• [WHAT YOU SHOULD DO]: Check every line of the data below for the word "portes". Copy the ones that have it.

··· WORKING DATA ···

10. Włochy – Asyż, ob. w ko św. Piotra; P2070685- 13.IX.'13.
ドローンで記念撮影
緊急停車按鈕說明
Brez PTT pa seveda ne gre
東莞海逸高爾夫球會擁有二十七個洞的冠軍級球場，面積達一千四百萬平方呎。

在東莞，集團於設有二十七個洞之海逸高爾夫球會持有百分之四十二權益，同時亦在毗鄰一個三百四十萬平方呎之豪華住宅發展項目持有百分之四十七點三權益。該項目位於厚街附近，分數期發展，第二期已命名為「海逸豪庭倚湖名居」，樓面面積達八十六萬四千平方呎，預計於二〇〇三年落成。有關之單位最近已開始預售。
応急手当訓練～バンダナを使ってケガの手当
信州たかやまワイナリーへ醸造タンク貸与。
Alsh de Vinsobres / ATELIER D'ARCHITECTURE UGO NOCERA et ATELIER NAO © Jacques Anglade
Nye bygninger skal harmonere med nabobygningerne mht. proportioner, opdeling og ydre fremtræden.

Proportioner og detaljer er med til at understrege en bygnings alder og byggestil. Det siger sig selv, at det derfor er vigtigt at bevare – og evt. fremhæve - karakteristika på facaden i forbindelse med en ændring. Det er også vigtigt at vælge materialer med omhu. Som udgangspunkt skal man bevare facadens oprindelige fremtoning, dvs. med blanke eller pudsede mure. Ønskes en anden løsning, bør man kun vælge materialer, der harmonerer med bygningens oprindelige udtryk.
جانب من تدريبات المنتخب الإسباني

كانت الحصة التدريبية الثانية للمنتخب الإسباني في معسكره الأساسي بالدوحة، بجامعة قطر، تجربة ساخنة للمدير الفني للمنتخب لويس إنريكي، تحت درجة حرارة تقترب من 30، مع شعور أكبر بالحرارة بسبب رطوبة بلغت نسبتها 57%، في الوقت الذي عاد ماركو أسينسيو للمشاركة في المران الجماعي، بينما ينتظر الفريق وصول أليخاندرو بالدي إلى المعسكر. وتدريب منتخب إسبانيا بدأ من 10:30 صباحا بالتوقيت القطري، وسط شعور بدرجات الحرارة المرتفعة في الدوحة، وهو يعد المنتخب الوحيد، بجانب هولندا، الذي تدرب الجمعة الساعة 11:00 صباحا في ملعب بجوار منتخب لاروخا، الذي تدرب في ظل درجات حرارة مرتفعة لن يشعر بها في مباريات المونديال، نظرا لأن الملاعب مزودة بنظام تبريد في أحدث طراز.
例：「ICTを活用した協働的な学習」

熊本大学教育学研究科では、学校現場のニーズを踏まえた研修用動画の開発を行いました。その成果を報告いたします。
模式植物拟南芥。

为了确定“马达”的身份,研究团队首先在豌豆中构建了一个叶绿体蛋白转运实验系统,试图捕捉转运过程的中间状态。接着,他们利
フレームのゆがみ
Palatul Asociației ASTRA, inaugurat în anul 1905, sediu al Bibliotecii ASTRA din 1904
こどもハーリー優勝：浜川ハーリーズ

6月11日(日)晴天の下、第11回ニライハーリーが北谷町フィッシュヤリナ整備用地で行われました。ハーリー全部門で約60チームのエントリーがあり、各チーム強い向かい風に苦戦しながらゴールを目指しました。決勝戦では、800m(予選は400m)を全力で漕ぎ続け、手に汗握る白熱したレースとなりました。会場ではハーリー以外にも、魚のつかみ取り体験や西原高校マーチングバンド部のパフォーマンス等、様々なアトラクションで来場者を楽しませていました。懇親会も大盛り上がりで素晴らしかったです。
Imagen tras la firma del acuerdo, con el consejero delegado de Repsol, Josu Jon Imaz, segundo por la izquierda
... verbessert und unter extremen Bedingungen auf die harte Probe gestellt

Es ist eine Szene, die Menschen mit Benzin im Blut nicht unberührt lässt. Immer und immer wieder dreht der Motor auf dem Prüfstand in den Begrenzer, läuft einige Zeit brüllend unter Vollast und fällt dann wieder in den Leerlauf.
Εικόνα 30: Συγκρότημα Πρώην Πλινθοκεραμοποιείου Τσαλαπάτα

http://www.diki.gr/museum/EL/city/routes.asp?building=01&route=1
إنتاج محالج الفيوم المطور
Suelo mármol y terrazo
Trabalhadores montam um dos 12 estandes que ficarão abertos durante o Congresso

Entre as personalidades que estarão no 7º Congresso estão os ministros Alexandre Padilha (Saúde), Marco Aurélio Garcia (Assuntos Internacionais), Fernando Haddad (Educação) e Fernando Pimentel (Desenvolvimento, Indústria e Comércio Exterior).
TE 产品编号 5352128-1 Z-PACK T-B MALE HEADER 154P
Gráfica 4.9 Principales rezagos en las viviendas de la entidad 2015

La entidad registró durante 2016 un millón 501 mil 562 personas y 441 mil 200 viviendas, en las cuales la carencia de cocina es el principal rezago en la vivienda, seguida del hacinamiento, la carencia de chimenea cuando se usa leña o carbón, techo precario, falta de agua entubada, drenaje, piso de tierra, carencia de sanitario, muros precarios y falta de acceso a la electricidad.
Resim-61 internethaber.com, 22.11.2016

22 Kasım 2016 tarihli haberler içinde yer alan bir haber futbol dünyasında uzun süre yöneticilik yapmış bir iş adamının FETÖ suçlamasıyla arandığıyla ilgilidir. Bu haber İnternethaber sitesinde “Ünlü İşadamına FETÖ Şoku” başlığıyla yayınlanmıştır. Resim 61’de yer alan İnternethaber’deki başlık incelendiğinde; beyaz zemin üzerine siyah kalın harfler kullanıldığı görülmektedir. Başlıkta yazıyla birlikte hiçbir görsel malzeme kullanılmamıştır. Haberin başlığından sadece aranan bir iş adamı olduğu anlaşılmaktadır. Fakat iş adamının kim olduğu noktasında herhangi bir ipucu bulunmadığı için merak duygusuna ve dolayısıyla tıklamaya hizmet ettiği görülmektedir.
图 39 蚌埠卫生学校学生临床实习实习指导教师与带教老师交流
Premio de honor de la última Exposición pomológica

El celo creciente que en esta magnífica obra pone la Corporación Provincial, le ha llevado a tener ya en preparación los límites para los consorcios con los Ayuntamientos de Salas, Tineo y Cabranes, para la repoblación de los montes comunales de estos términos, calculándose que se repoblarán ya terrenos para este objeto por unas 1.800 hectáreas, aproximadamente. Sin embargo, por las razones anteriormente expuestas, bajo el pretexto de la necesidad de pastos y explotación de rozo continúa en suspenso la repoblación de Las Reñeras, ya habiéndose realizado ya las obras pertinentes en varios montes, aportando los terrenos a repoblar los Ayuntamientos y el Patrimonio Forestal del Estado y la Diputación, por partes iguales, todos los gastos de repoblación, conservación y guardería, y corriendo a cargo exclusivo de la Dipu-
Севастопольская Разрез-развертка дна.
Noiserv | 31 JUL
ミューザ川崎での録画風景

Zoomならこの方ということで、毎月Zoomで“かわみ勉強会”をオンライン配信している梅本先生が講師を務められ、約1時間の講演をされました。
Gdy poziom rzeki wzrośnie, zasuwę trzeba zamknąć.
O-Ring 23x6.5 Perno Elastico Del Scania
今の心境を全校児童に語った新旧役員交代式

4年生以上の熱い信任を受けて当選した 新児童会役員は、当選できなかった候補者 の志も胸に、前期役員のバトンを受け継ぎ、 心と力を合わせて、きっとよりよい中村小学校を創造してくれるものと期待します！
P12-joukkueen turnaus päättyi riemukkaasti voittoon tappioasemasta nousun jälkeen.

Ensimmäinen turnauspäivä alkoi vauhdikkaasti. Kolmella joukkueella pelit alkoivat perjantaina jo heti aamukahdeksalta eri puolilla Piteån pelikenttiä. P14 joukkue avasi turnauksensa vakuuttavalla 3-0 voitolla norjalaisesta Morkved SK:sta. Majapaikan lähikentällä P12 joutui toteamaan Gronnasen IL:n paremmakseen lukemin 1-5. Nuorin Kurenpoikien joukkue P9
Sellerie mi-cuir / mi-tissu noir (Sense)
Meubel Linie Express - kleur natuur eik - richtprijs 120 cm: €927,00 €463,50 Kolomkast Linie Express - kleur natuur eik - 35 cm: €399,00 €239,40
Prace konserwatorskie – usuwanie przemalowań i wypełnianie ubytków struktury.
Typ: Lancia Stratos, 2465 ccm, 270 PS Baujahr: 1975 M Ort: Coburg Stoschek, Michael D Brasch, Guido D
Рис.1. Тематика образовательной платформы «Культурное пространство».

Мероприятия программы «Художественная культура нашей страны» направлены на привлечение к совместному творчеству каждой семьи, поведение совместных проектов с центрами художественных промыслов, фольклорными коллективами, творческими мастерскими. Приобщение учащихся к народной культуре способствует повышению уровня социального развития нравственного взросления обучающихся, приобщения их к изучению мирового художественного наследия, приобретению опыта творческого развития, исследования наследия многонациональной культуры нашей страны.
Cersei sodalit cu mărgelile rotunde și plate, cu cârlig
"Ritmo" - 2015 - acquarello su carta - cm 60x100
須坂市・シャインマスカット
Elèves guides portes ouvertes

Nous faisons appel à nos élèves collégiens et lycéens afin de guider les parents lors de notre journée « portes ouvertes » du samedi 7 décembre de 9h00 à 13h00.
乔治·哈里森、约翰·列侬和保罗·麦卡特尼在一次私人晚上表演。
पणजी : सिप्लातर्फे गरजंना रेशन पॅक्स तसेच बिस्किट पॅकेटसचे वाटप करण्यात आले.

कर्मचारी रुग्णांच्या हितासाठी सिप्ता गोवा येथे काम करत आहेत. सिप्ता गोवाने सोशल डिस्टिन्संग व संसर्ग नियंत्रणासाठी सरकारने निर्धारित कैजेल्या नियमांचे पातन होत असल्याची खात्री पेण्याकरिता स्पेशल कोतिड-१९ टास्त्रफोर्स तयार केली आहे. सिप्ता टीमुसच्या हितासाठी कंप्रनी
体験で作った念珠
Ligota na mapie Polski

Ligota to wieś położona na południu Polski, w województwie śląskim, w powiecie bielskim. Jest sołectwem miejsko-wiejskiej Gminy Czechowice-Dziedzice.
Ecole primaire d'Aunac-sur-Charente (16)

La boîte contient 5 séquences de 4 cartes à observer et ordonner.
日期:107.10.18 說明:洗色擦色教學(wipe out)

···

• [RESULT OF THE EXERCISE]:
Elèves guides portes ouvertes
Nous faisons appel à nos élèves collégiens et lycéens afin de guider les parents lors de notre journée « portes ouvertes » du samedi 7 décembre de 9h00 à 13h00.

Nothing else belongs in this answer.